TRY IT >> Give back exactly the lines from the "POST GRADUATE SEM-2, SEM-4 ADMISSION NOTICE" line to the final line of the records, and only those, minus any pictures.

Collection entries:
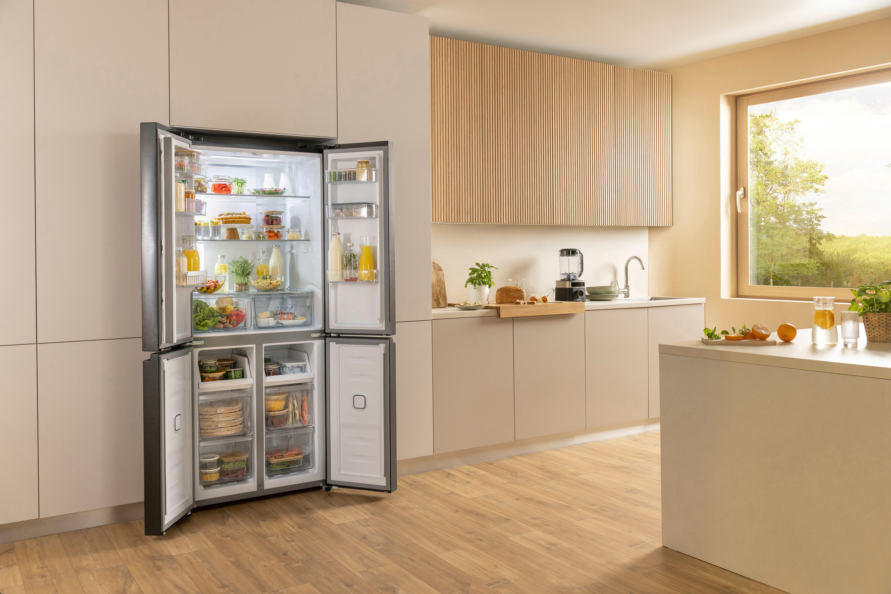 A hétköznapok tele vannak váratlan helyzetekkel: váratlan vendégek, nagybevásárlás vagy egy különleges vacsora alkalmával a hűtőnek is rugalmasan kell alkalmazkodnia. Ebben nyújt segítséget a Convert FreshZone rekesz, amely igény szerint hús- és hal-, vagy gyümölcs- és zöldségtárolóként használható. Így a tárolás könnyen hozzáigazítható az aktuális szezonhoz, a friss alapanyagok mennyiségéhez vagy éppen egy ünnepi menü igényeihez. A nagyobb szabadság a belső tér szervezésében nagyobb kreativitást is hoz a konyhába, és teret ad az új ízek és fogások kipróbálásának.
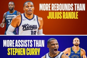 威少目前場(chǎng)均得分高于小薩(15.0>14.5)、場(chǎng)均籃板高于蘭德?tīng)?(7.1>6.9)、助攻比庫(kù)里多(5.6>4.3)
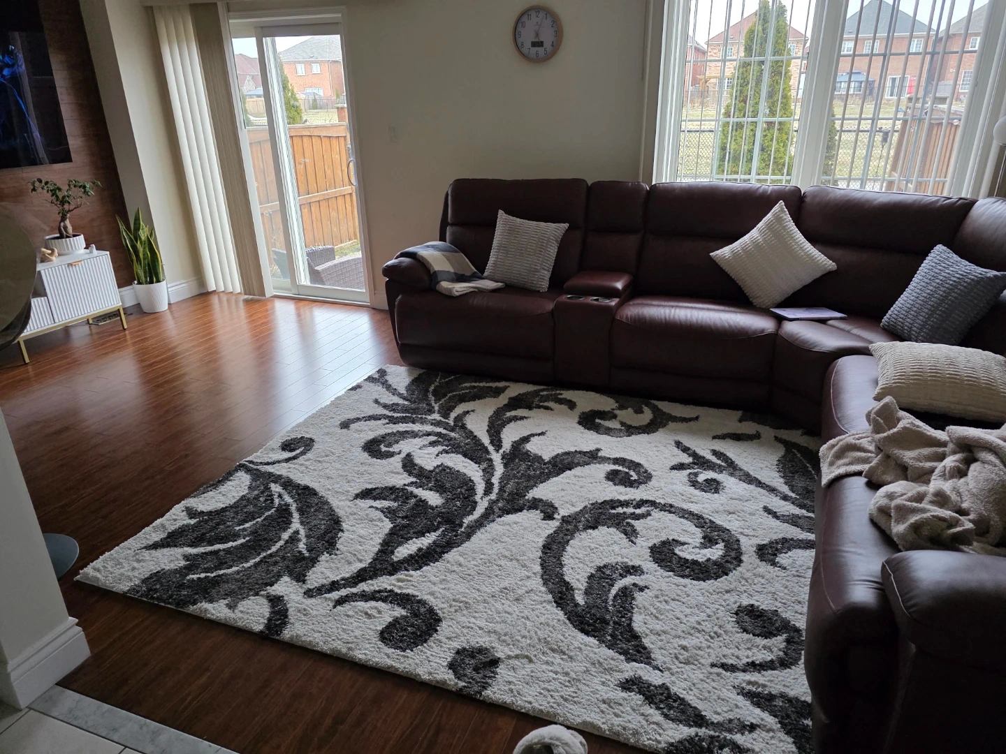 This large area rug features a bold black and white damask pattern. It's soft and shaggy, adding comfort and style to any room. Adds a modern touch to your living space!
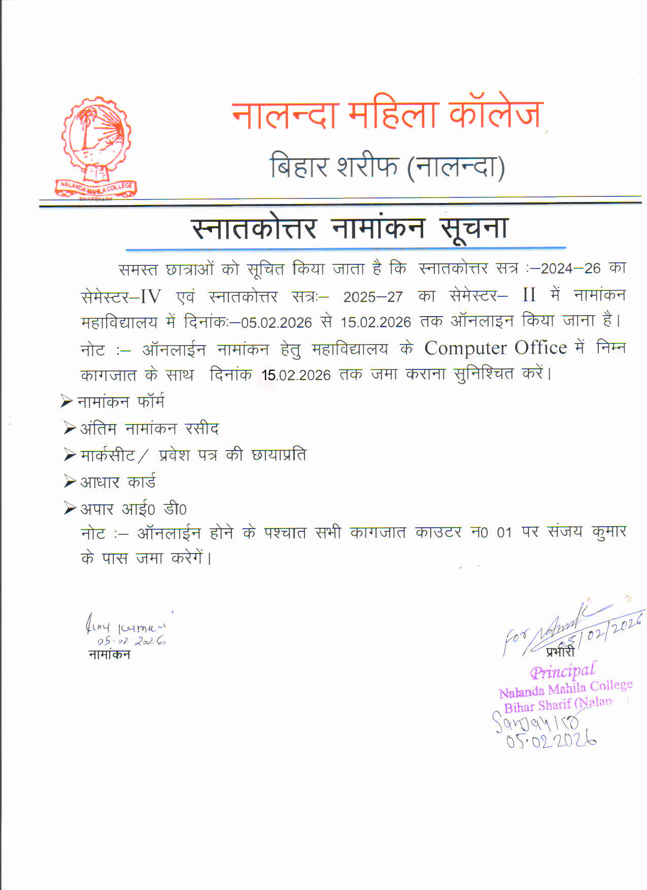 POST GRADUATE SEM-2, SEM-4 ADMISSION NOTICE
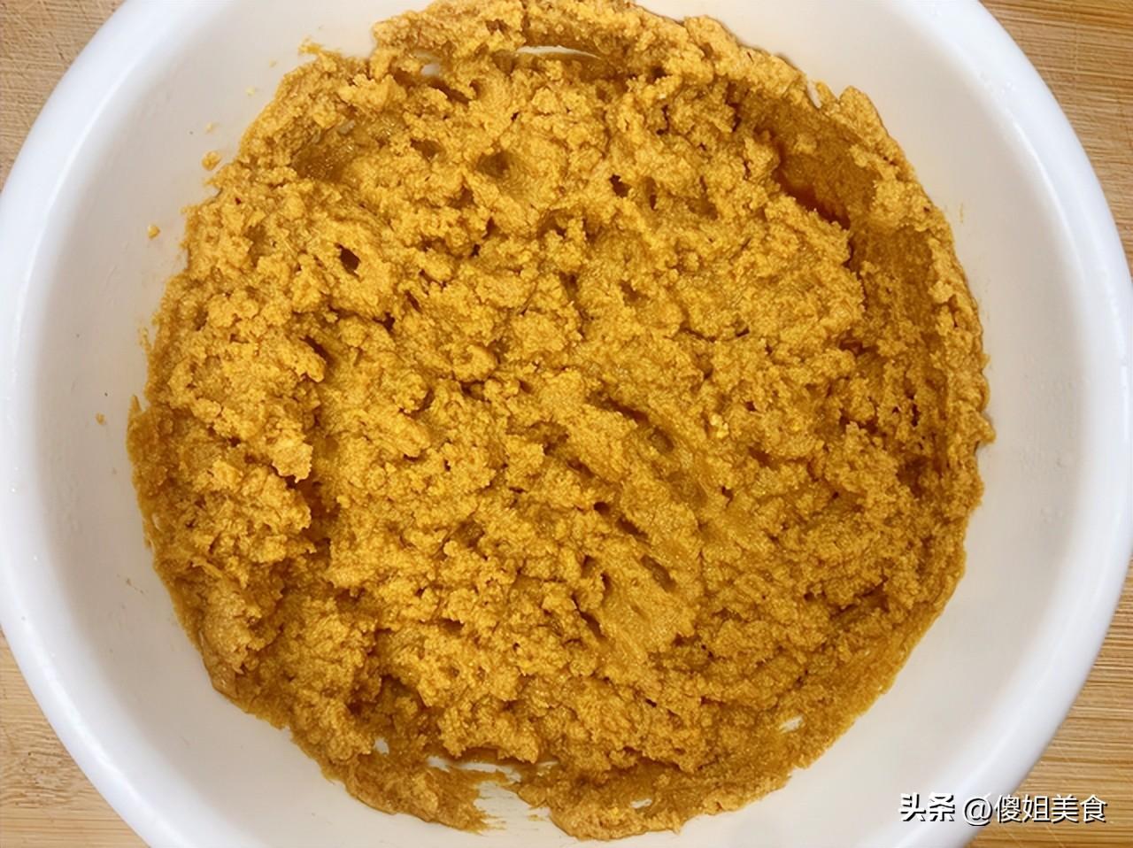 第三步,在棗泥中加入玉米麪,再放入酵母,這裏要特別注意一下,如果棗泥還比較燙,一定要等它涼到溫熱再加酵母,不然高溫會把酵母燙死,影響發酵效果。

REPLY TO THE TASK >>
 POST GRADUATE SEM-2, SEM-4 ADMISSION NOTICE
 第三步,在棗泥中加入玉米麪,再放入酵母,這裏要特別注意一下,如果棗泥還比較燙,一定要等它涼到溫熱再加酵母,不然高溫會把酵母燙死,影響發酵效果。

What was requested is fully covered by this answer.